I do know that if mainland China was less...  let's just call it "heavy handed" with companies under it's jurisdiction there'd probably be a lot less fear of it.

And I don't care if their "local" or not.  I really only care that they are HQ'd here for legal and consumer protection reasons.  That's fairly selfish I'll admit.  Welcome to the free market.


----------



## Casecutter (Oct 17, 2016)

Tartaros said:


> You are 30 years late saying that. Move on already.


Not sure what you meant... there is not a Communist China?


----------



## xkm1948 (Oct 17, 2016)

Casecutter said:


> Not sure what you meant... there is not a Communist China?



China is a totalitarian capitalist country run by the sons and daughters of first generation Chinese communist members. Yes they still use "communism" as sort of a tool for massive population mind control. Under the hood it is pure good old capitalism since the economy revolution by Deng Xiaoping in the early 1980s.

Communism is long dead. Even NK is more like a dictatorship instead of communism. It is just a way the elites use to control the mind of the easily manipulated masses who lacks independent thinking capability.


----------



## rtwjunkie (Oct 17, 2016)

xkm1948 said:


> China is a totalitarian capitalist country run by the sons and daughters of first generation Chinese communist members.
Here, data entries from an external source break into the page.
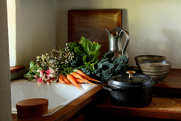 The arugula—which has here gone to flower—will go into a vase for a day or two, then into the cooking pot. We are fortunate to live near a year-round farmers market in a year-round growing climate, where we have plenty of changing produce available in every season. Other than the lettuces, everything will last until next week’s market day.
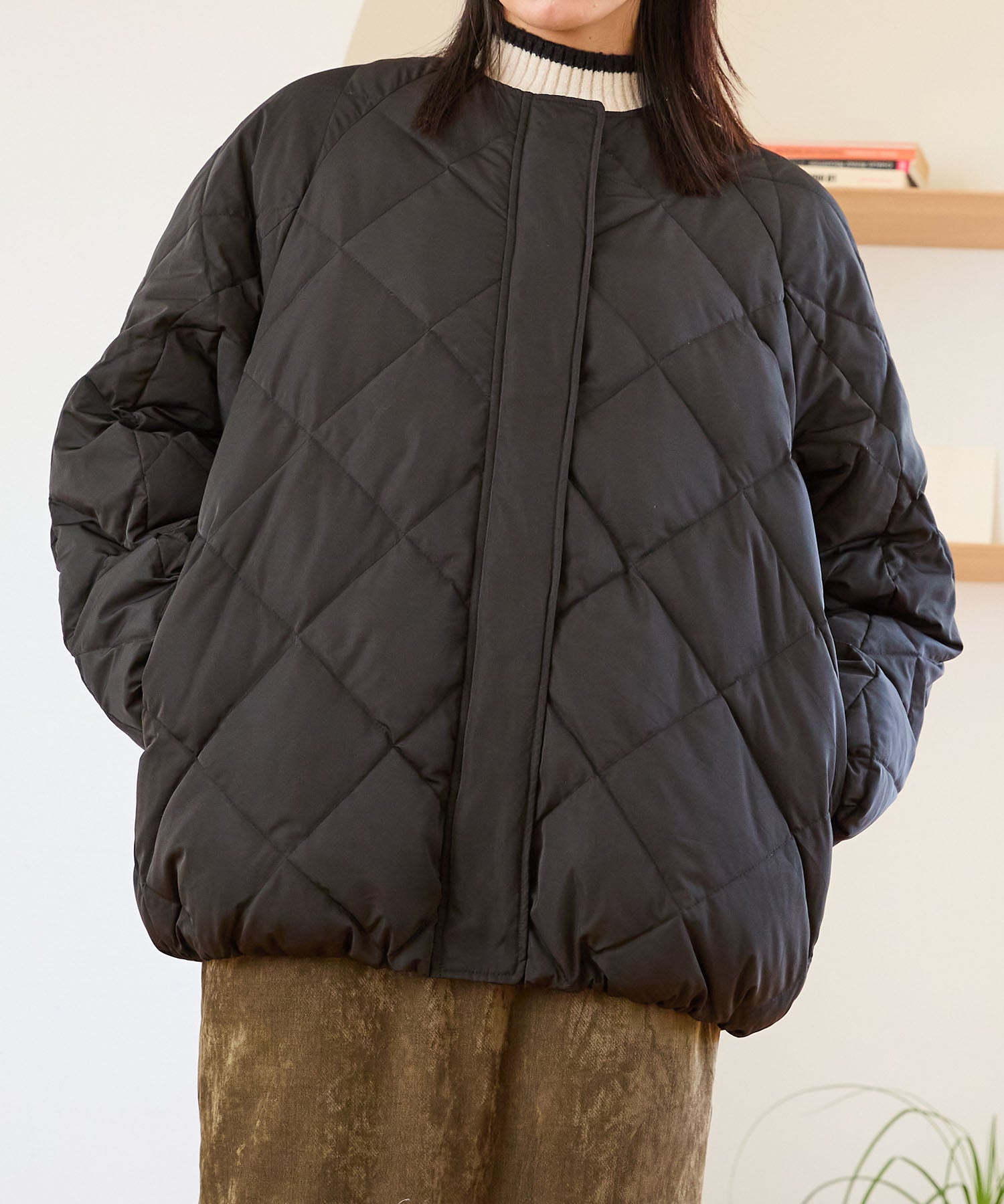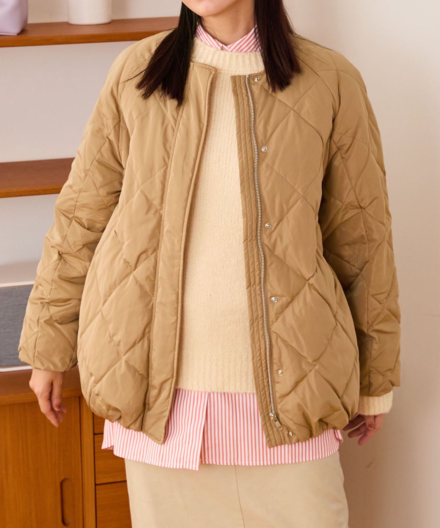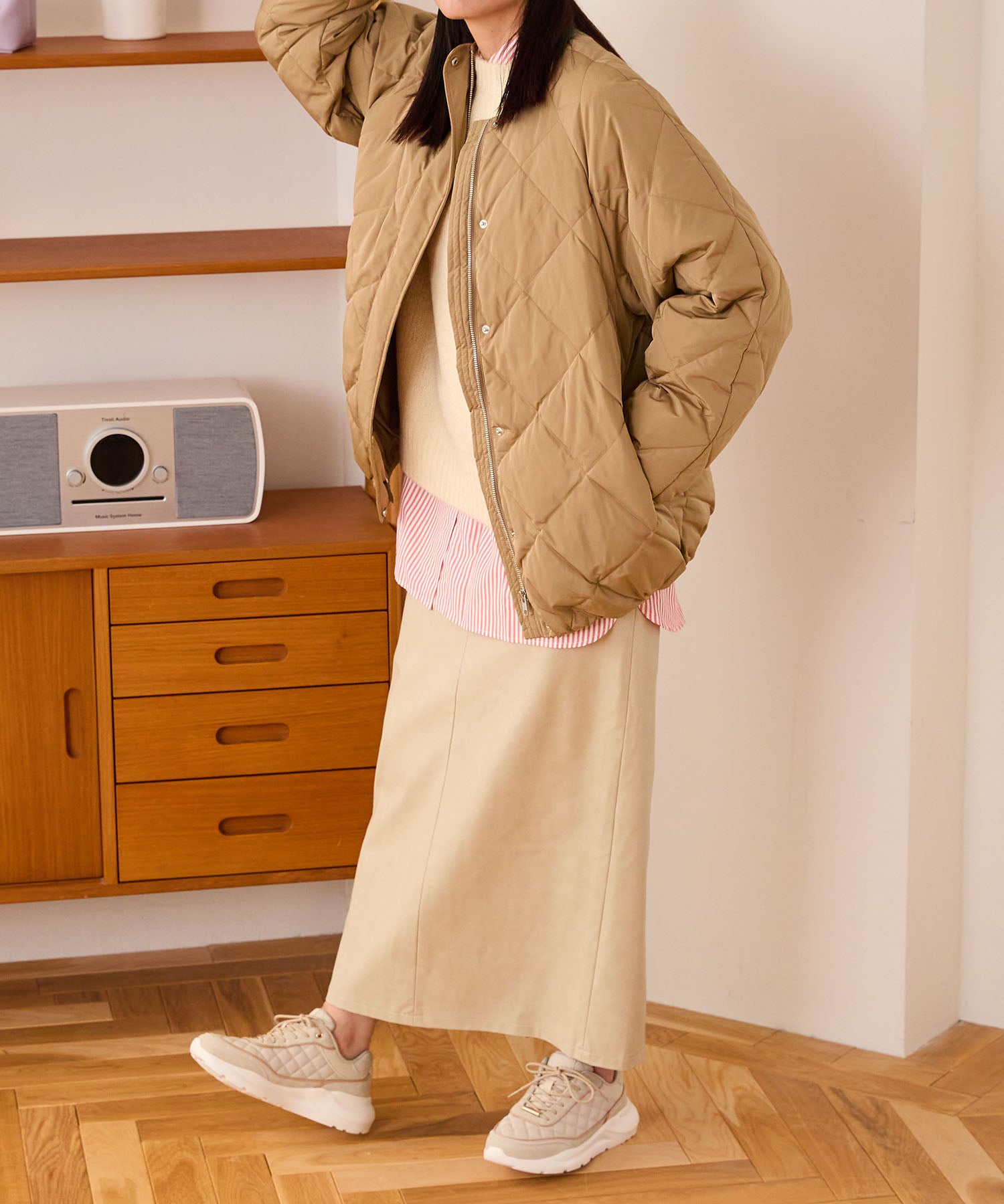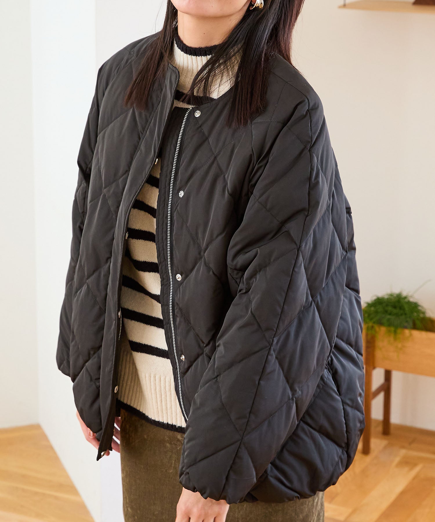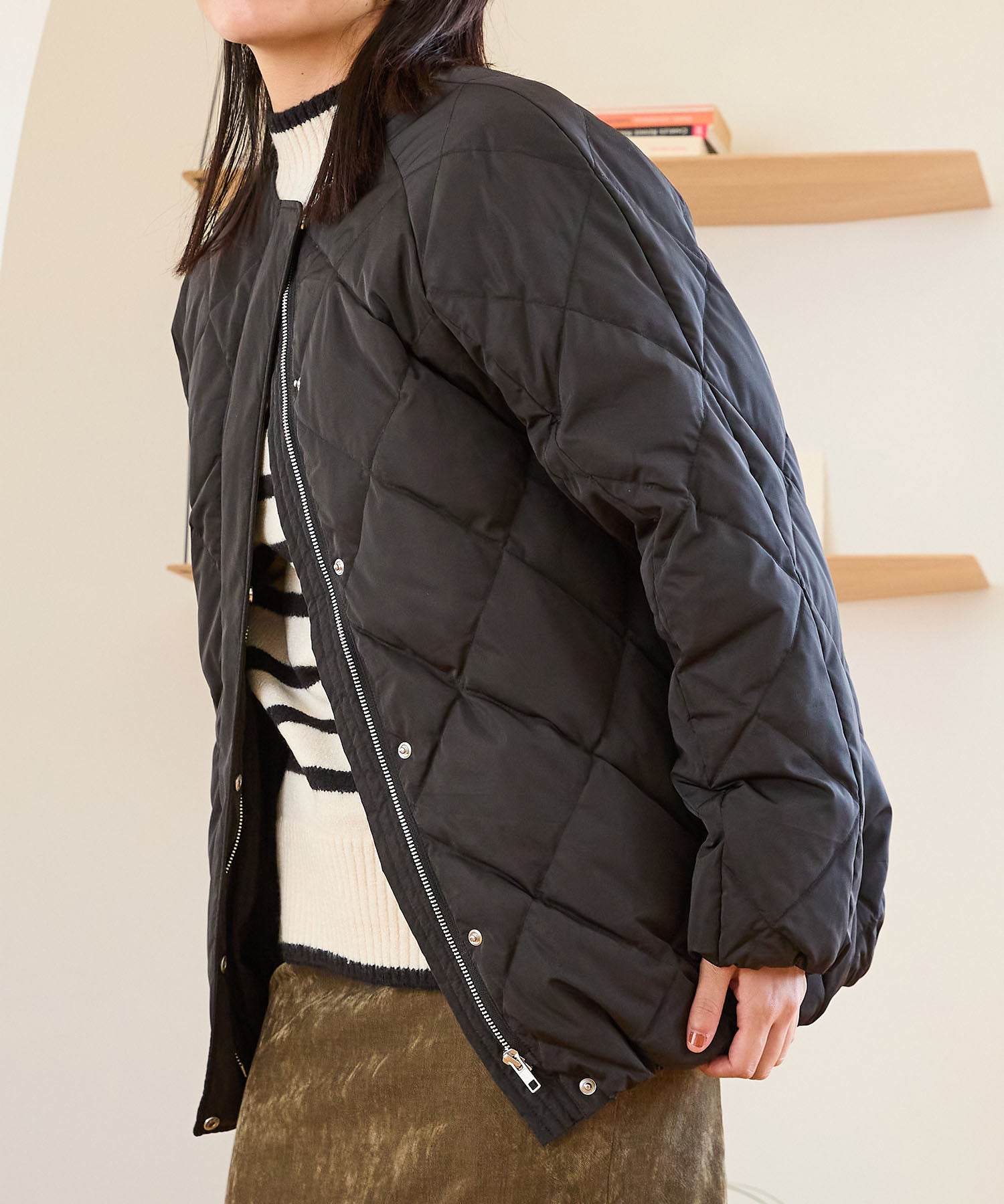 カジュアルにさっと羽織れるキルティングジャケットは、ノーカラーでカットソーやタートルネックとの相性も抜群。お尻が隠れるくらいの着丈で細身のパンツとも安心して合わせられるのが嬉しい。袖口や裾にギャザーを入れることで風を通しにくいような仕様に。程よいゆったり感はありつつも、女性らしいシルエットを叶えたアイテムは、この冬活躍すること間違いなし。
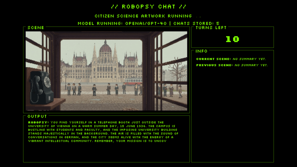 From September 24 to 26 (2025) ROBOPSY took stage at the TED AI Vienna conference, unveiling its newest version: a text & image role-play Hybrid that pushes the boundaries of collective memory and AI storytelling.

Yes they still use "communism" as sort of a tool for massive population mind control. Under the hood it is pure good old capitalism since the economy revolution by Deng Xiaoping in the early 1980s.
> 
> Communism is long dead. Even NK is more like a dictatorship instead of communism. It is just a way the elites use to control the mind of the easily manipulated masses who lacks independent thinking capability.



Then you too, Sir, have been duped.  International Politics has long been my official field of study. Communism is not dead in China.  They have allowed capitalistic "elements" to exist in their society purely as a capital producing element, so as to propel the country quickly into the forefront, so self-conscious were and still are its leaders about their "image".  Totalitarianism may never have been part of true Communism, but it has been an element of every real world implementation of Communism.  China has not given up on Communism at all.


----------



## TheOne (Oct 17, 2016)

PCGamer has a new News article about this.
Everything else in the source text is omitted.